Dopo l’approvazione in aula del Senato la Legittima Difesa è diventata a tutti gli effetti legge, sotto diverse polemiche e approvazioni da parte del mondo politico e della classe cittadina. La Legittima Difesa ha modificato diversi articoli del Codice Penale, del Codice di Procedura Penale e del Codice Civile, stabilendo quanto fortemente sostenuto dal ministro dell’Interno Matteo Salvini.

La difesa personale

La difesa personale, grazie all’entrata in vigore della Legittima Difesa, risulta sempre legittima andando a modificare l’articolo 52  del Codice Civile Penale tramite l’articolo 1 della nuova legge. Oltre alle modifiche la legge ha aggiunto un comma all’articolo 52 il quale comprende la difesa personale all’interno del proprio domicilio o luogo equiparato, come attività commerciali, professionali e imprenditoriali.

La non punibilità per ‘grave turbamento’

La Legittima Difesa prevede anche la non punibilità per ‘grave turbamento’, in materia penale di eccesso colposo, nelle ipotesi di una reazione domiciliare a difesa della propria incolumità e quella dei familiari, in una situazione di pericolo.

Il risarcimento del danno

L’articolo 3 sancito dalla Legittima Difesa sancisce inoltre la condanna per furti in appartamenti e la sospensione condizionale della stessa sotto il pagamento integrale dell’importo dovuto a risarcimento del danno subito dalla persona offesa.

Pene severe per la violazione del domicilio

La Legittima Difesa ha integrato pene più severe in caso di violazione di domicilio, comprese nell’articolo 4, da 6 mesi ad 1 anno sotto condanna minima e da 3 a 4 anni per le condanne massime. In caso di violenza sulle cose e sulle persone la pena passa automaticamente da 2 a 6 anni.

Furto con strappo e furto in abitazione

Il disegno di legge ha sancito regole ferree anche in caso di furto presso le abitazioni e scippi, per un minimo da 3 a 4 anni di carcere, fino ad un massimo di 7 anni.

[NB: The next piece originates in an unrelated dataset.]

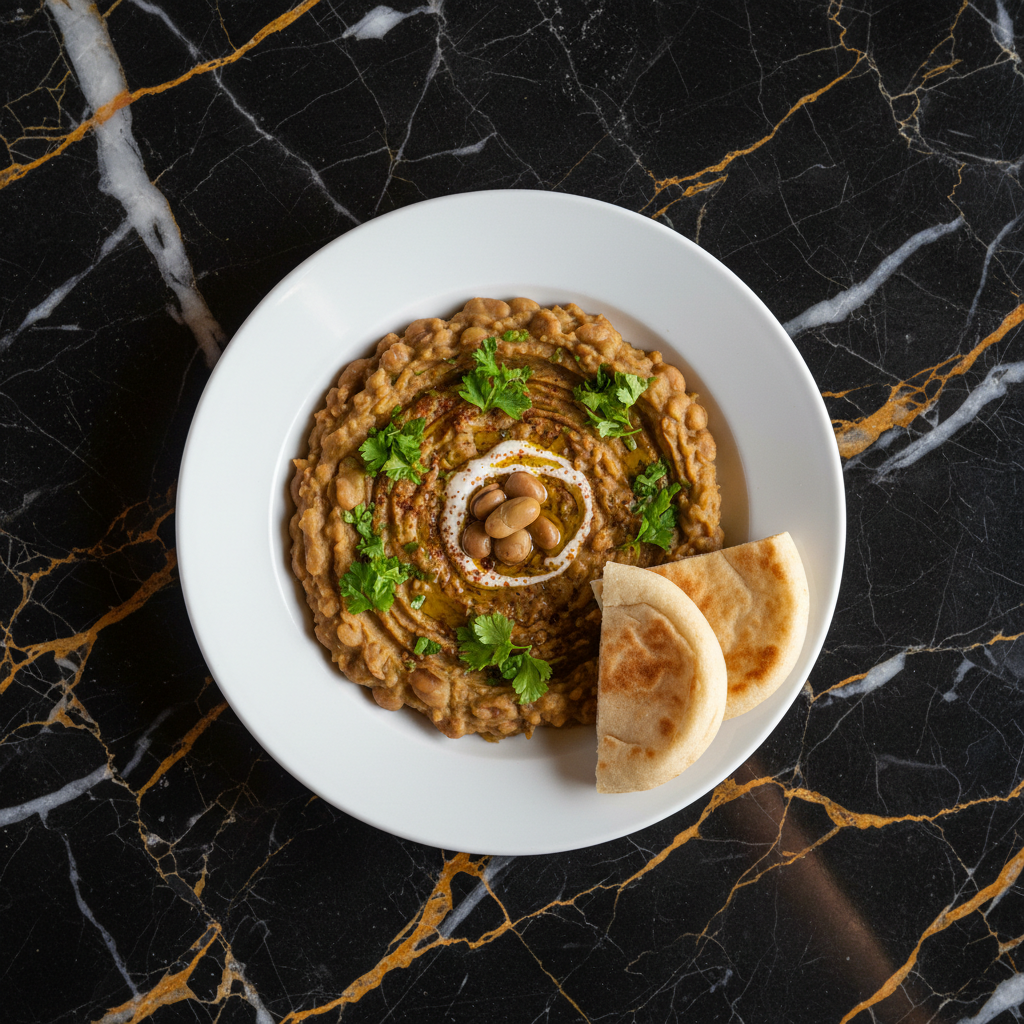 A hearty and flavorful dish of slow-cooked fava beans mashed with aromatic spices, often served for breakfast or as a side.

L’articolo 5 sancisce anche una sanzione minima di 1.000 euro per un massimo fissato a 2.500 euro.

Rapine

Per il reato di rapina la pena di reclusione è stata portata da 4 a 5 anni, fino ad un massimo di 10 anni, stabiliti all’interno dell’articolo 6, per un minimo sanzionabile da 2.000 a 4.000 euro fino ad un massimo da 2.500 a 4.000 euro.

Codice Civile e Legittima Difesa

L’articolo 7 prevede, in caso di assoluzione in sede penale dell’autore del fatto, la mancanza dell’obbligo di un risarcimento del fatto avvenuto, mentre nei casi di eccesso colposo viene riconosciuto un diritto ad una indennità calcolata dal giudice sulla base di diverse specifiche.

Spese di giustizia

L’articolo 8 ha ampliato ed esteso le norme a riguardo del gratuito patrocinio nei confronti del soggetto sottoposto ad archiviazione o proscioglimento o non luogo a procedere in direzione dei fatti commessi sia in condizioni di legittima difesa, sia in condizioni di eccesso colposo. L’articolo 9 sancisce invece una priorità processuale per i delitti di omicidio colposo e lesioni personali colpose.